-- Task item --
The lines below starting at the line containing "JENAガラスの木製フォルダー付きガラスコップ4客です。" and ending at the line containing "Ein gewisser Spannungsbogen" are to be repeated exactly, with both ends kept and nothing else added.

-- Record excerpts --
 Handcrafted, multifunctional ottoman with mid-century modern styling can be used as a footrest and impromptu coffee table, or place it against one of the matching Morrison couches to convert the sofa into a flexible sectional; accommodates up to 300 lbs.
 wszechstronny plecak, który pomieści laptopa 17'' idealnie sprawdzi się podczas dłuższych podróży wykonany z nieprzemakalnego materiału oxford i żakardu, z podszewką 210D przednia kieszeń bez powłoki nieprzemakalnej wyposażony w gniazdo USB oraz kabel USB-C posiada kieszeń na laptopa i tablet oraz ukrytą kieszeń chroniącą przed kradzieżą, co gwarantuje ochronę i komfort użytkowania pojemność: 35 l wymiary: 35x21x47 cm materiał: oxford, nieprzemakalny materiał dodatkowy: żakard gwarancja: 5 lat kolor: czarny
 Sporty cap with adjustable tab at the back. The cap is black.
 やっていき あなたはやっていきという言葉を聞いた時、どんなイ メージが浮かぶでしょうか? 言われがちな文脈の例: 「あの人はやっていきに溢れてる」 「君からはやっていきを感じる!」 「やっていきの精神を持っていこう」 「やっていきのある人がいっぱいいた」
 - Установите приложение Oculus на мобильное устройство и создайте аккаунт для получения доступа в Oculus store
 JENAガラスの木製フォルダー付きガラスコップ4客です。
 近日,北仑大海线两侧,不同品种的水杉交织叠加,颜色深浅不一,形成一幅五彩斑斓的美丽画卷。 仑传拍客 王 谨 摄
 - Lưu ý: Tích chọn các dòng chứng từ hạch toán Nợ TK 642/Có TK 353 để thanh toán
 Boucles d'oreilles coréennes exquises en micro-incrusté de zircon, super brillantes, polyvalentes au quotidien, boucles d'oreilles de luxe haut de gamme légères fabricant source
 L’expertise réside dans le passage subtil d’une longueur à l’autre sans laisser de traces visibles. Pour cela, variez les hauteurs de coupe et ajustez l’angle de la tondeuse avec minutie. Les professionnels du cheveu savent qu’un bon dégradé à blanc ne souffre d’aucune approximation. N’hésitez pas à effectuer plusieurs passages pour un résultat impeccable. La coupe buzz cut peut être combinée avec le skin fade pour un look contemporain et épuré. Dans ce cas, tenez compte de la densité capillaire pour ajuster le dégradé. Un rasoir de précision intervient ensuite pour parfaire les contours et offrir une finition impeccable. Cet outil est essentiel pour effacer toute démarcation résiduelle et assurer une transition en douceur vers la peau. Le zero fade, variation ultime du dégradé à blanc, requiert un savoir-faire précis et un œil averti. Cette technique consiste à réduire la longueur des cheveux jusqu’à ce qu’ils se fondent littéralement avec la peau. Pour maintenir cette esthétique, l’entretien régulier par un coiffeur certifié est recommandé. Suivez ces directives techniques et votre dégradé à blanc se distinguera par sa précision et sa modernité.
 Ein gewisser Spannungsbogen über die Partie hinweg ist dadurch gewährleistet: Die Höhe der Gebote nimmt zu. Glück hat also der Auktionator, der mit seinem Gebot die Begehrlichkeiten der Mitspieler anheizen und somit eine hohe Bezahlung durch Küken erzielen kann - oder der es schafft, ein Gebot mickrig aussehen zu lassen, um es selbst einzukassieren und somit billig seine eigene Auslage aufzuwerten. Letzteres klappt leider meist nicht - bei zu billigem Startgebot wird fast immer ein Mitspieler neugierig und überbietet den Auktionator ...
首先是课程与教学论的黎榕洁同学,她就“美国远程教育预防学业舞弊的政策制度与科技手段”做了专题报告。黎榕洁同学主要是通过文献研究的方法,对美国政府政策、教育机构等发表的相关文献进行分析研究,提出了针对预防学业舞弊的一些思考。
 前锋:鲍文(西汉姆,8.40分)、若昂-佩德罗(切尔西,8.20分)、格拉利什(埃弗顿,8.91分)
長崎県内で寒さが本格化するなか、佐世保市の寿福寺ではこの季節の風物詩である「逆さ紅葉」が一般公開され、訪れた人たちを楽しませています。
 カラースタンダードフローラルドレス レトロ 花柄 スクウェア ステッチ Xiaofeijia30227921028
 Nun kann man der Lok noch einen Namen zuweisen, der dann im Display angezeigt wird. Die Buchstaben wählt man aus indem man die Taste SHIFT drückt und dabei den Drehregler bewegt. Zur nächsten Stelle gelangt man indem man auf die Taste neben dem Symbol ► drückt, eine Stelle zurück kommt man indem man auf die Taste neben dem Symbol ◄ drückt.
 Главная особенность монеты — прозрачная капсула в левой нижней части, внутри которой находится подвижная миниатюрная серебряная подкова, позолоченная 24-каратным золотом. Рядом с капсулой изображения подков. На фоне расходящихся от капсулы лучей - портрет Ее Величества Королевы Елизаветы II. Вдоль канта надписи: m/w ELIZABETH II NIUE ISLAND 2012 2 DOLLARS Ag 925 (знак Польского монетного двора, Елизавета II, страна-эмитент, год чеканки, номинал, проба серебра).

-- Answer space --
 JENAガラスの木製フォルダー付きガラスコップ4客です。
 近日,北仑大海线两侧,不同品种的水杉交织叠加,颜色深浅不一,形成一幅五彩斑斓的美丽画卷。 仑传拍客 王 谨 摄
 - Lưu ý: Tích chọn các dòng chứng từ hạch toán Nợ TK 642/Có TK 353 để thanh toán
 Boucles d'oreilles coréennes exquises en micro-incrusté de zircon, super brillantes, polyvalentes au quotidien, boucles d'oreilles de luxe haut de gamme légères fabricant source
 L’expertise réside dans le passage subtil d’une longueur à l’autre sans laisser de traces visibles. Pour cela, variez les hauteurs de coupe et ajustez l’angle de la tondeuse avec minutie. Les professionnels du cheveu savent qu’un bon dégradé à blanc ne souffre d’aucune approximation. N’hésitez pas à effectuer plusieurs passages pour un résultat impeccable. La coupe buzz cut peut être combinée avec le skin fade pour un look contemporain et épuré. Dans ce cas, tenez compte de la densité capillaire pour ajuster le dégradé. Un rasoir de précision intervient ensuite pour parfaire les contours et offrir une finition impeccable. Cet outil est essentiel pour effacer toute démarcation résiduelle et assurer une transition en douceur vers la peau. Le zero fade, variation ultime du dégradé à blanc, requiert un savoir-faire précis et un œil averti. Cette technique consiste à réduire la longueur des cheveux jusqu’à ce qu’ils se fondent littéralement avec la peau. Pour maintenir cette esthétique, l’entretien régulier par un coiffeur certifié est recommandé. Suivez ces directives techniques et votre dégradé à blanc se distinguera par sa précision et sa modernité.
 Ein gewisser Spannungsbogen über die Partie hinweg ist dadurch gewährleistet: Die Höhe der Gebote nimmt zu. Glück hat also der Auktionator, der mit seinem Gebot die Begehrlichkeiten der Mitspieler anheizen und somit eine hohe Bezahlung durch Küken erzielen kann - oder der es schafft, ein Gebot mickrig aussehen zu lassen, um es selbst einzukassieren und somit billig seine eigene Auslage aufzuwerten. Letzteres klappt leider meist nicht - bei zu billigem Startgebot wird fast immer ein Mitspieler neugierig und überbietet den Auktionator ...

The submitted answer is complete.